In our case, the installers suggested using 8 Trojan L16H-AC 6 volt batteries. These are big deep cycle batteries—11 5/8” long by 7” wide by 16 3/4” high, and they are heavy—125 pounds each. Deep cycle batteries are designed for putting out low amounts of electricity for a long time, while car batteries are made for putting out a lot of energy in a short time. Each are rated to produce 25 amps for 935 minutes, or 75 amps for 245 minutes, or 357 AH (amp hour) if drained over 5 hours, or 435 AH if used over a 20 hour period of time.

Since we are hoping the batteries would last for four cloudy days, the 20 hour rating is the most likely to apply to our situation. In theory, using the power over 96 hours would give us a little more electricity than the rated amount, assuming the garage doesn’t get too hot. So, if we multiply 435 AH by 8 (the number of batteries), we should have 3,480 AH. If you multiply amp hours by the number of volts in the battery (6 in our case), you get watt hours. 3,480 AH multiplied by 6 volts is 20,880 watt hours or 20.88 KWh. In theory then, we should have four days of reserve power.

The cost for each battery with shipping and sales tax is about $500. They are sealed, so there is no maintenance, but they only last for 5 to 8 years. We should probably ignore the fact that if we do save $182.50 per year, we won’t have saved enough money to replace the batteries. At least the technology is really cool. The monitor has a lot of lights and numbers and switches.

In the picture at the top of this post, you can see the closet where the batteries are stored. If you look at the bottom of the picture, you can see a glimpse of the batteries. The batteries are mostly covered so the grandkids can’t touch them.

I’ll let you know as soon as we go live.

Almost Ready

Our solar power system is installed. Once we pass the Orem City inspection, we can flip the switch.

The system includes 6 panels on our garage roof, 8 huge deep cycle batteries, an inverter (to covert the DC energy to AC), a monitor (to keep track of the energy generated, used, and stored in the batteries), an electrical outlet inside the house, two electrical outlets in the garage, a small fan to vent the battery compartment, and some emergency lighting.

The panels are rated to produce 1.7 KWh each hour the sun is shining and in the right position in the sky (A KW is 1000 watts, and a KWh is 1000 watts for an hour. For example, 10 100 watts light bulbs would use up a KWh in an hour. A slow cooker is rated at 300 watts, so that would use 1.5 KWh if you cooked with it for 5 hours.

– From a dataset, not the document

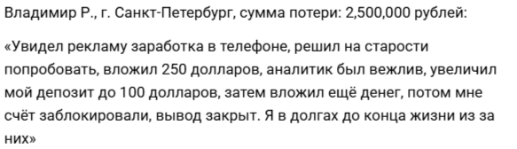 В каждом отзыве пользователи жалуются на брокера и обвиняют его в незаконном присвоении средств клиентов. Если им верить, представители компании уговаривают инвестировать. Но как только депозит перестает пополняться или пытаются вывести средства, их счет блокируют.

Note: All the math makes solar power a lot more fun.). We’re hoping the solar panels give us 15 KWh on a sunny summer day and perhaps 8 KWh on a sunny winter day. Our goal is to have available at least 5 KWh per day year round, even if we have three cloudy days in a row. (The batteries provide the power when the sun isn’t shining. The “Dummy” books suggested we store enough power for 4 cloudy days, but the solar guys talked me down to about 3. I still don’t know exactly how much energy the batteries can store and produce, because getting an straight answer about batteries isn’t easy.)

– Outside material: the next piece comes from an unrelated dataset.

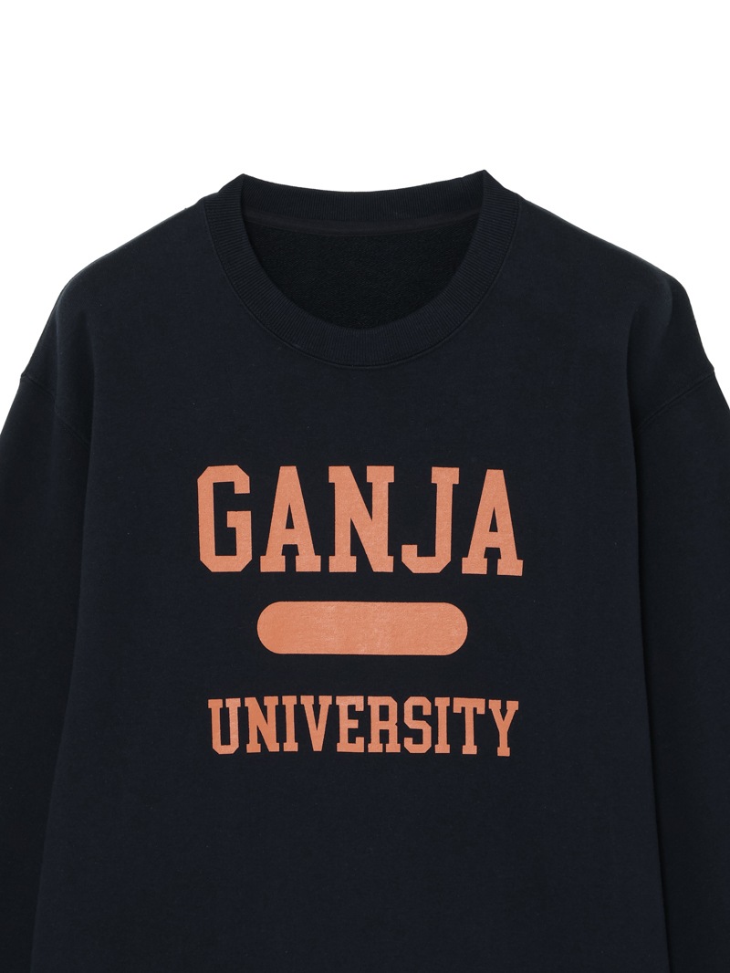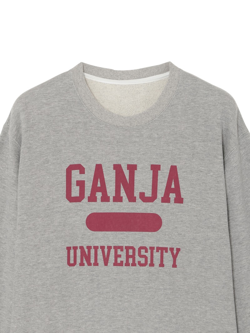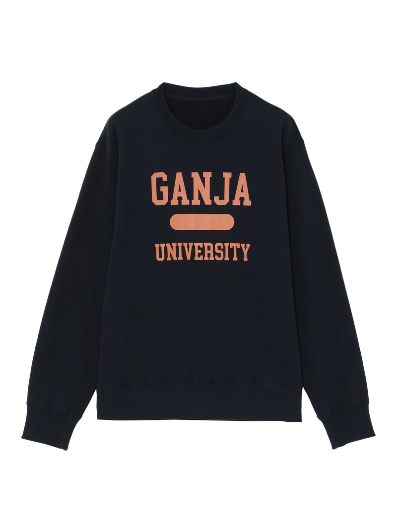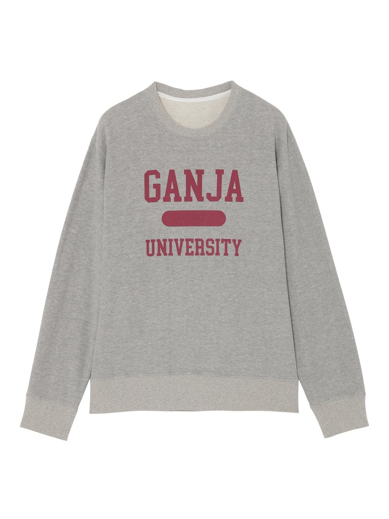 定番的なシルエットのスウェットシャツは、遊び心のあるデザインで。”GANJA UNIVERSITY”のグラフィックを採用。

Although we wanted the solar power primarily for emergencies, we decided to hook up a refrigerator and a freezer to the system so that we didn’t waste all the electricity we could produce while we wait for the power to go out. A few weeks ago we noticed RC Willey had a sale on all its Energy Star appliances (Energy Star is a government designation for energy efficient appliances), so we went looking for a refrigerator and a freezer for the garage that would work well with the solar system.

We weren’t too concerned about prices, but we did look closely at how many KWh per year each appliance would need. We found a fridge that used only 400 KWh and a freezer that used 550 KWh. Unfortunately for the environment, none of the Energy Star freezers were frost-free, so Marieta vetoed them all. We ended up buying a freezer that needed 800 KWh. We found that the efficient appliances were relatively inexpensive (and came with government rebates), but they lacked any fancy options like an ice maker or filtered water.

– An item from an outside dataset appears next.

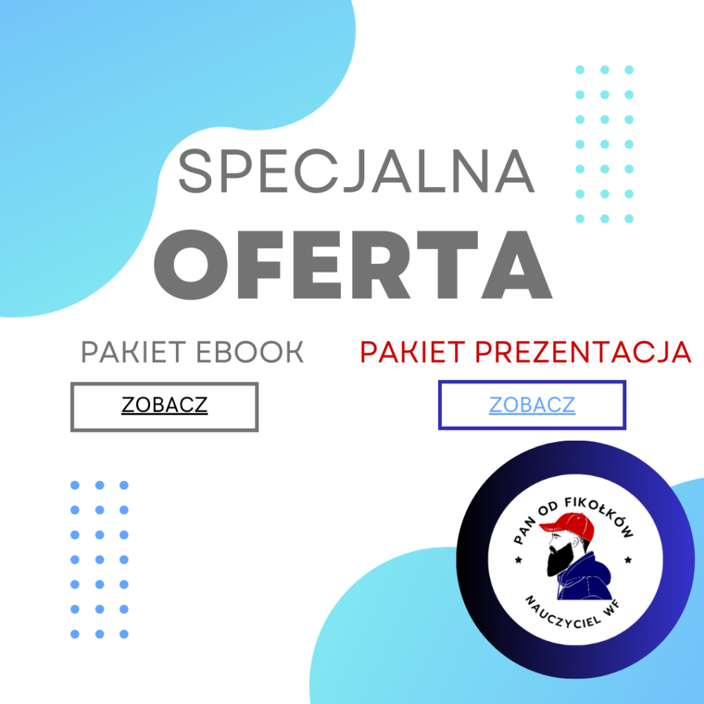 Mam dla Ciebie również krótką ankietę dotyczącą strony PAN OD FIKOŁKÓW Nauczyciel WF. Chciałbym wiedzieć, czego Wy jako moi obserwatorzy szukacie – jakie materiały Was interesują, jakie są Wasze ulubione tematy, a może czego wam brakuje i z czym macie największe problemy w swojej pracy. Twoja opinia jest dla mnie niezwykle ważna, dlatego z góry dziękuję za poświęcenie chwili na wypełnienie ankiety! Link do ankiety poniżej https://docs.google.com/forms/d/1HNhetDRLTUL25-lvwFX9da-haDDnZCfFa2xvVZ_PYFQ/edit

If we assume we will have 1,825 KWh of power to use in a year, we should have more than enough to provide 1,200 KWh for the appliances. We’ll see. We did put the appliances are on a special plug, so that regular power will take over if the batteries run out of juice.

I’m still not sure of the final price of the solar power system, but it will be about $20,000. If we generate and use 5 KWh per day, we will save 50 cents each day on our power bill. If this were an investment (and not just a project to keep me out of trouble), that’s a return of a little less than 1%. With the government rebates (by the way, I would like to thank those of you who pay taxes for contributing to our solar power system), the cost could be cut in half and the return could be as high as 2%. I will let you know the actual amounts once we know them.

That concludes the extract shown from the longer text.